=== WHAT YOU NEED TO DO ===
For the entries below, copy exactly the line that contains "Картина на холсте" through the line that contains "Чудесная кудрявая хризантема", both ends included, and exclude all pictures.

====== DATA PROVIDED

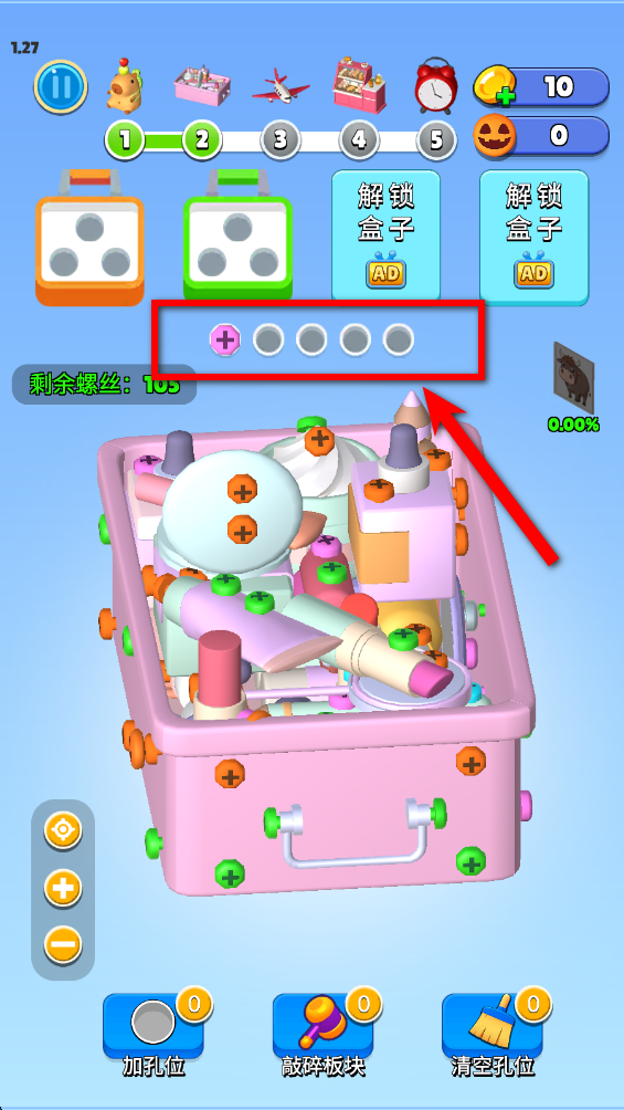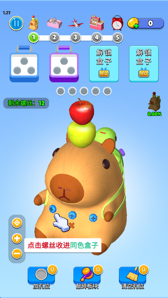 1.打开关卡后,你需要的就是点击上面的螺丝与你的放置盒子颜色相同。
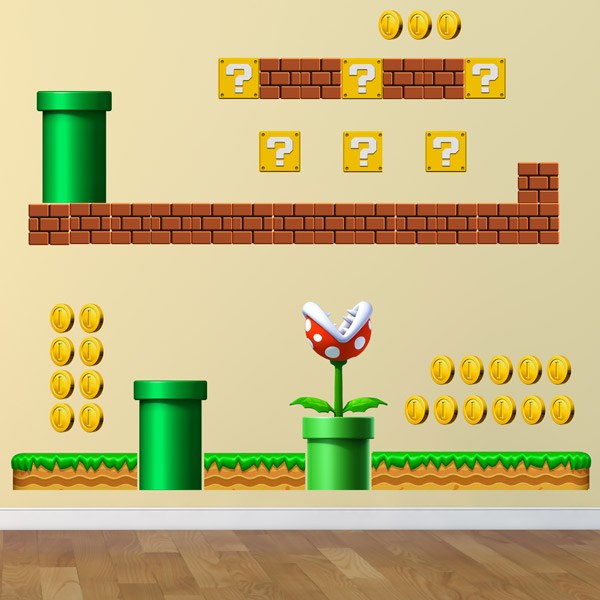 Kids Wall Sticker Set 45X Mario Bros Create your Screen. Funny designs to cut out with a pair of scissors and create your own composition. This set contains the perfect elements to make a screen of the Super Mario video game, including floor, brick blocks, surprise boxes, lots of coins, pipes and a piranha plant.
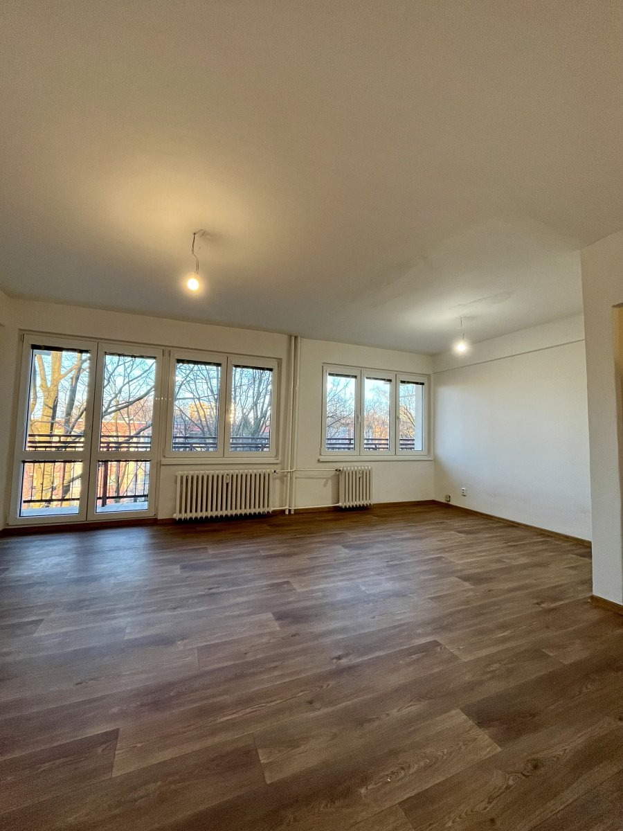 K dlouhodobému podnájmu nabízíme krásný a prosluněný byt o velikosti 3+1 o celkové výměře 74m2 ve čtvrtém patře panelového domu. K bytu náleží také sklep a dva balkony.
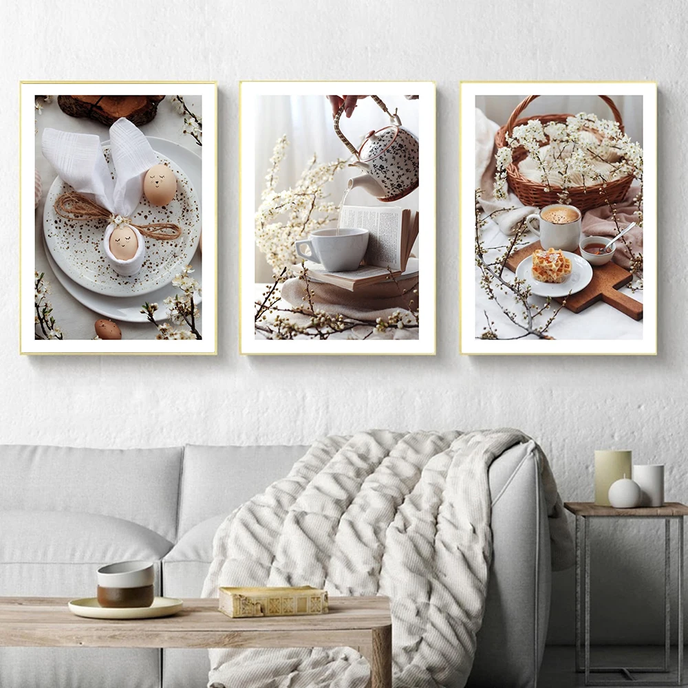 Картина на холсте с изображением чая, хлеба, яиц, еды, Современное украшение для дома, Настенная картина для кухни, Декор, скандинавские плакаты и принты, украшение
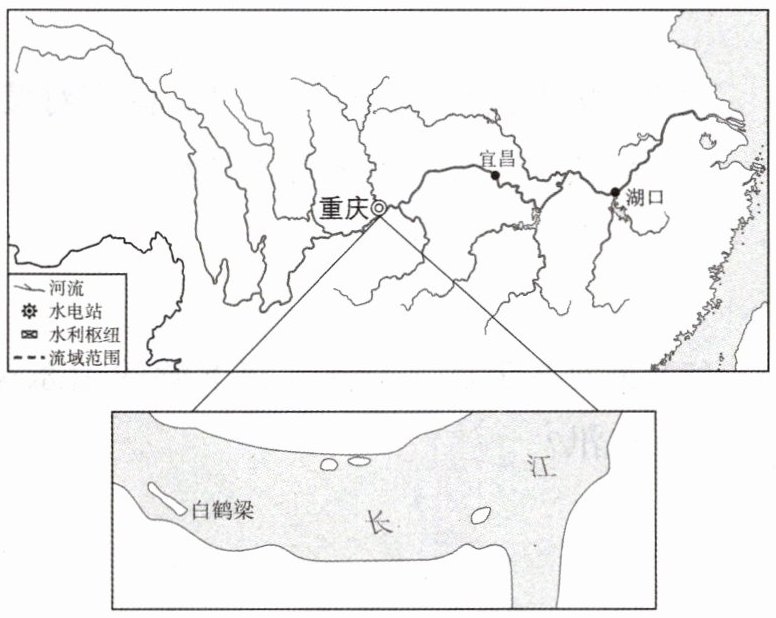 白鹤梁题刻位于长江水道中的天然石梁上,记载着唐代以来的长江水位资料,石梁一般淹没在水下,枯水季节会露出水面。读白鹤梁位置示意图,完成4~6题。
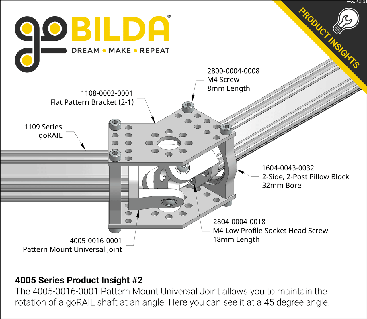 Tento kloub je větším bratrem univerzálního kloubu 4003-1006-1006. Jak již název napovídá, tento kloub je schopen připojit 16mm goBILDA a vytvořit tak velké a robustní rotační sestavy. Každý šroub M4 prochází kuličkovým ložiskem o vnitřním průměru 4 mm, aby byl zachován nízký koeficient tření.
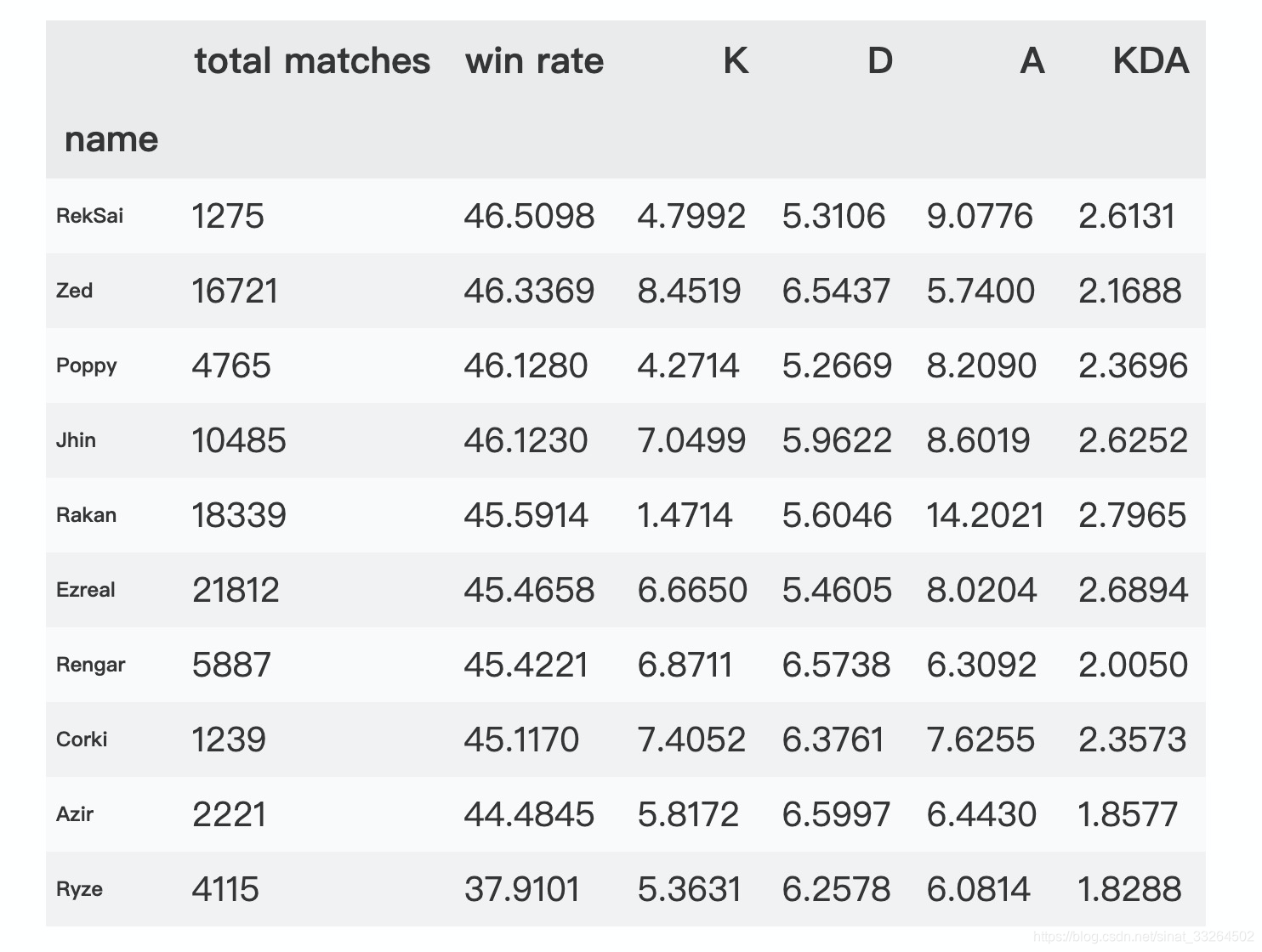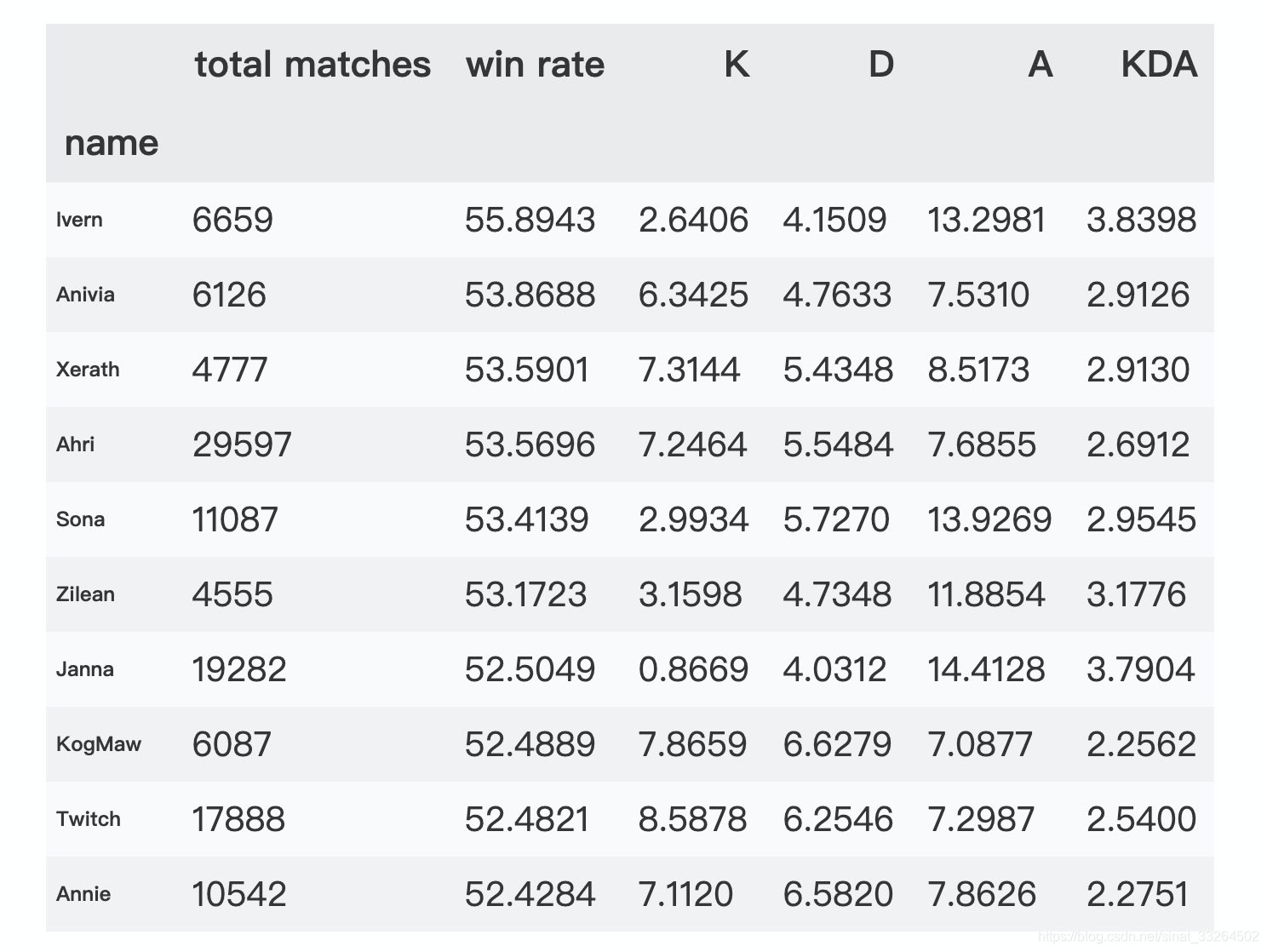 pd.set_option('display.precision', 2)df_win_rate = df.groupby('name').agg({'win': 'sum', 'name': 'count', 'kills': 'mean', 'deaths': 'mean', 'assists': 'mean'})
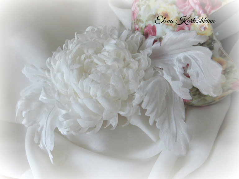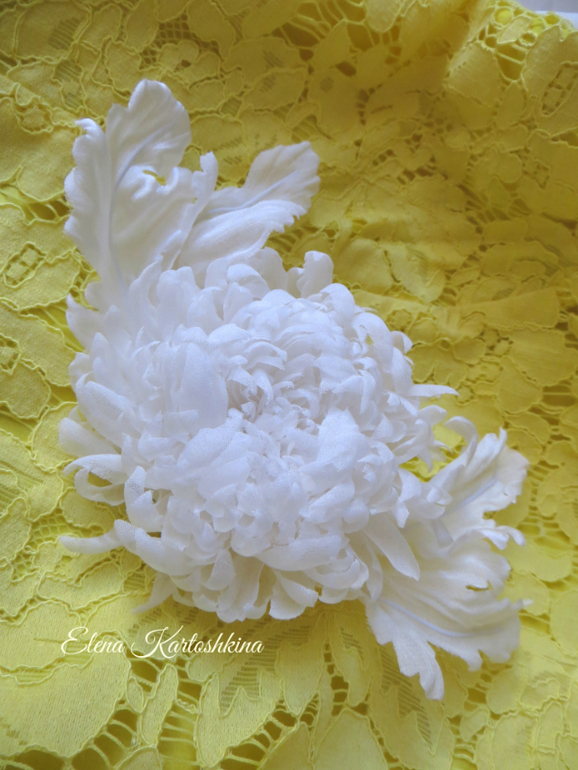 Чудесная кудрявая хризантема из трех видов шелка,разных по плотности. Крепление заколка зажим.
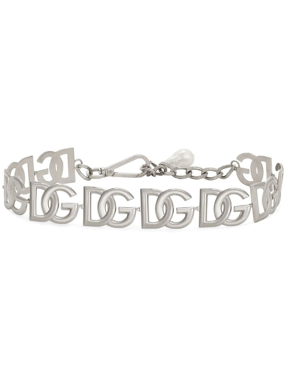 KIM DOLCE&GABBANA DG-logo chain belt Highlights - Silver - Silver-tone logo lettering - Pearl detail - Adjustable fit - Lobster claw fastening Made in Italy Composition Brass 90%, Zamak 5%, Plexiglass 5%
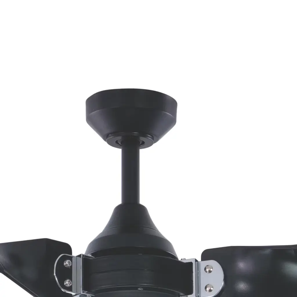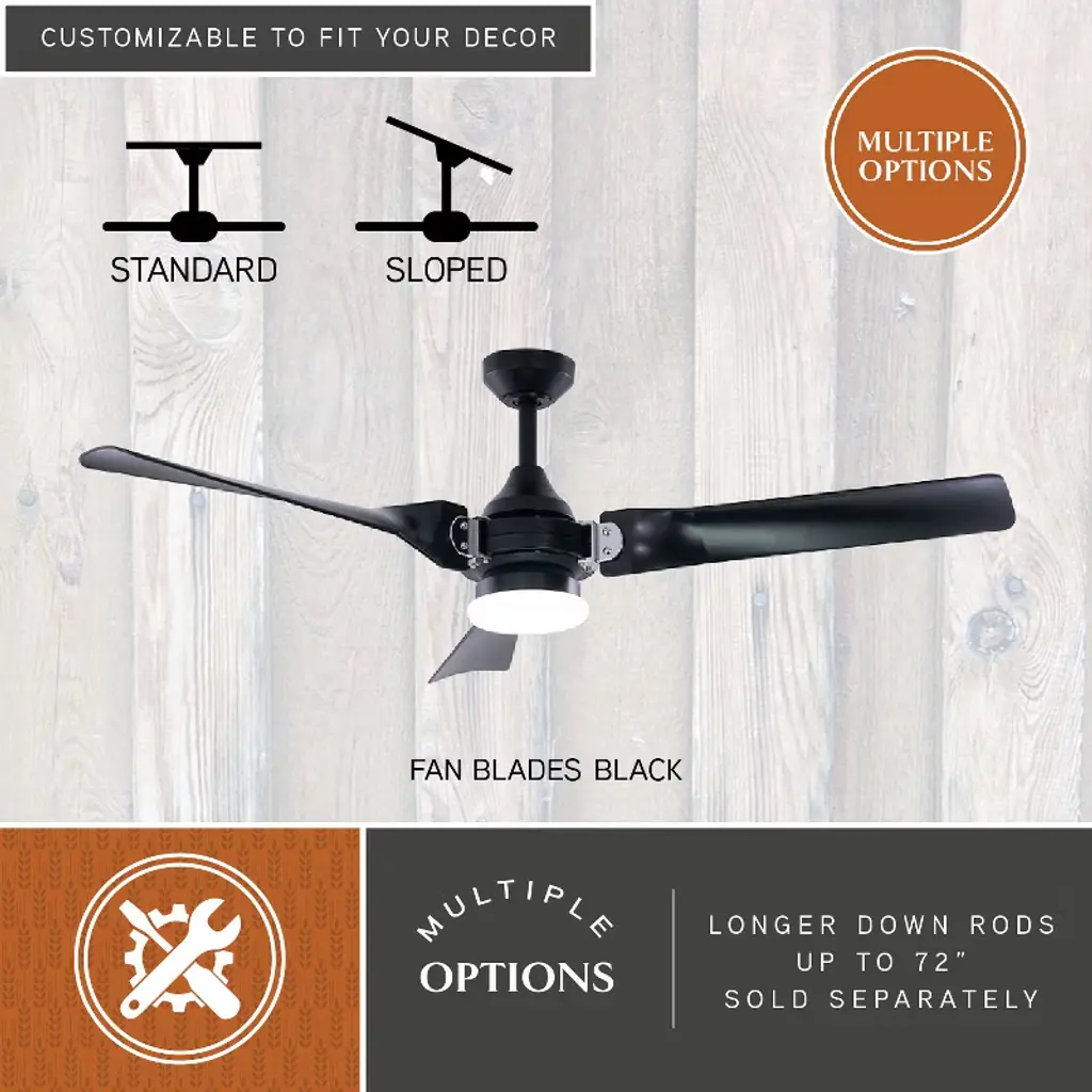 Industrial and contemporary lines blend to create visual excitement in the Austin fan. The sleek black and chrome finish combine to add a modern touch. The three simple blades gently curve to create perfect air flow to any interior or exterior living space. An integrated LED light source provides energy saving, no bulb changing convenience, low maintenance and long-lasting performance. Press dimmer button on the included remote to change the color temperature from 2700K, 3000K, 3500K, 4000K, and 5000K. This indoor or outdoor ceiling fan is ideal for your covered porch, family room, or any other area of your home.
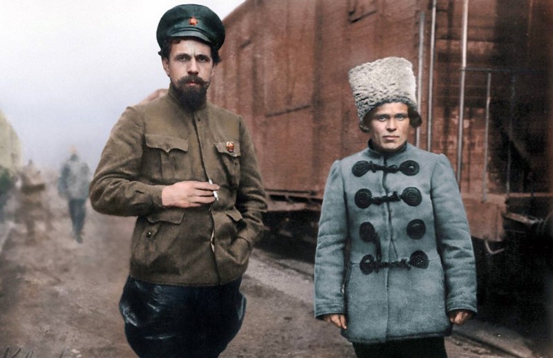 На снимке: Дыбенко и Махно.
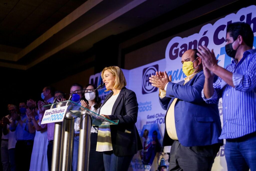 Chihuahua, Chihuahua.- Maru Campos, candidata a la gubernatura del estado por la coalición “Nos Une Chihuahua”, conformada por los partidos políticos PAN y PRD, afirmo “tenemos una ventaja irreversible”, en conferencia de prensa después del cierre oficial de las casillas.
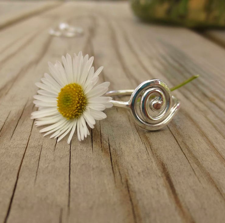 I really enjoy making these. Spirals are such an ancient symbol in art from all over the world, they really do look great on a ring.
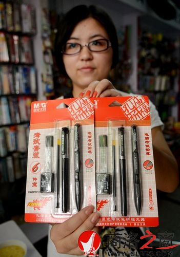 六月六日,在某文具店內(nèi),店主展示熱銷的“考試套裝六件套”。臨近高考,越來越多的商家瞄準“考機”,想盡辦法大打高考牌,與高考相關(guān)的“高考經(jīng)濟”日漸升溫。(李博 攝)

============

=== WRITTEN REPLY ===
 Картина на холсте с изображением чая, хлеба, яиц, еды, Современное украшение для дома, Настенная картина для кухни, Декор, скандинавские плакаты и принты, украшение
 白鹤梁题刻位于长江水道中的天然石梁上,记载着唐代以来的长江水位资料,石梁一般淹没在水下,枯水季节会露出水面。读白鹤梁位置示意图,完成4~6题。
 Tento kloub je větším bratrem univerzálního kloubu 4003-1006-1006. Jak již název napovídá, tento kloub je schopen připojit 16mm goBILDA a vytvořit tak velké a robustní rotační sestavy. Každý šroub M4 prochází kuličkovým ložiskem o vnitřním průměru 4 mm, aby byl zachován nízký koeficient tření.
 pd.set_option('display.precision', 2)df_win_rate = df.groupby('name').agg({'win': 'sum', 'name': 'count', 'kills': 'mean', 'deaths': 'mean', 'assists': 'mean'})
 Чудесная кудрявая хризантема из трех видов шелка,разных по плотности. Крепление заколка зажим.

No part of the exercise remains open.